No pictures, nothing altered: return the data below.

Data block:
--

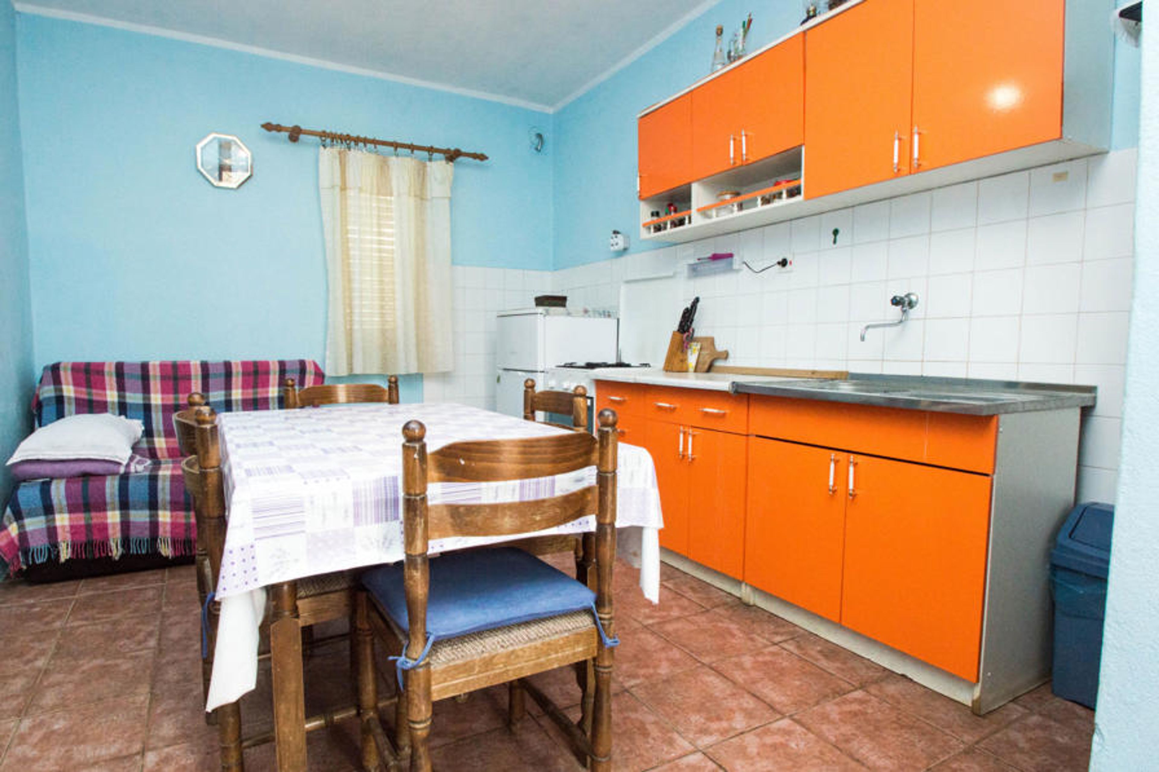 Single-family house "Marica". In a quiet, sunny position, 10 m from the sea, 10 m from the beach, in the countryside. Private: outdoor shower, terrace, garden furniture, barbecue. 3.5 km long motor access to 300 m from the house (via unmade road). Shop 5 km, restaurant 5 km, bus stop 9.6 km. Please note: private mooring, on request. House situated on the southern shore of Pasman island, in the bay of Landjin, near the Kornati archipelago (national park). Parking at the owner´s house in Kraj. On request, in advance, the owner delivers groceries.
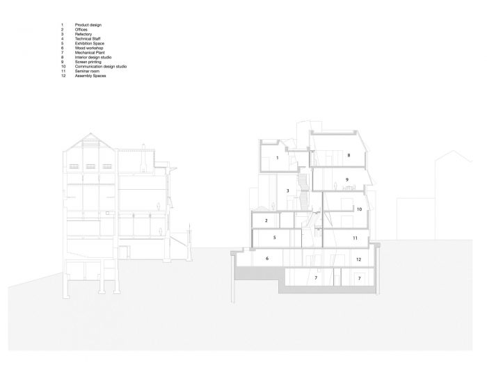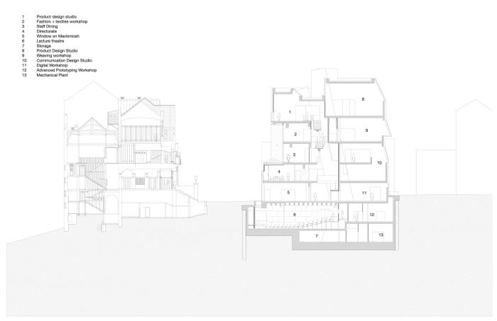 Mackintosh’s amazing manipulation of the building section for light in inventive ways has inspired the approach towards a plan of volumes in a different light. The studio/workshop is the basic building block of the building. Spaces have been located not only to reflect their interdependent relationships but also their varying needs for natural light. Studios are positioned on the north façade with large inclined north-facing glazing to maximize access to the desirable high-quality diffuse north light. Spaces that do not have a requirement for the same quality of natural light, such as the refectory and offices, are located on the South façade where access to sunlight can be balanced with the occupants' needs and the thermal performance of the space through the application of shading.
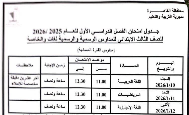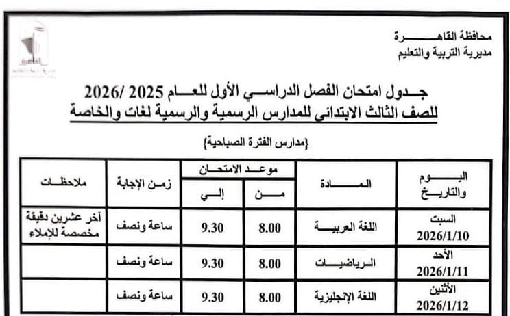 يؤدي تلاميذ الصف الثالث الابتدائي وما يعادله الامتحانات خلال الفترة من السبت 10 يناير حتى الاثنين 12 يناير 2026.

--

Solution:
 Single-family house "Marica". In a quiet, sunny position, 10 m from the sea, 10 m from the beach, in the countryside. Private: outdoor shower, terrace, garden furniture, barbecue. 3.5 km long motor access to 300 m from the house (via unmade road). Shop 5 km, restaurant 5 km, bus stop 9.6 km. Please note: private mooring, on request. House situated on the southern shore of Pasman island, in the bay of Landjin, near the Kornati archipelago (national park). Parking at the owner´s house in Kraj. On request, in advance, the owner delivers groceries.
 Mackintosh’s amazing manipulation of the building section for light in inventive ways has inspired the approach towards a plan of volumes in a different light. The studio/workshop is the basic building block of the building. Spaces have been located not only to reflect their interdependent relationships but also their varying needs for natural light. Studios are positioned on the north façade with large inclined north-facing glazing to maximize access to the desirable high-quality diffuse north light. Spaces that do not have a requirement for the same quality of natural light, such as the refectory and offices, are located on the South façade where access to sunlight can be balanced with the occupants' needs and the thermal performance of the space through the application of shading.
 يؤدي تلاميذ الصف الثالث الابتدائي وما يعادله الامتحانات خلال الفترة من السبت 10 يناير حتى الاثنين 12 يناير 2026.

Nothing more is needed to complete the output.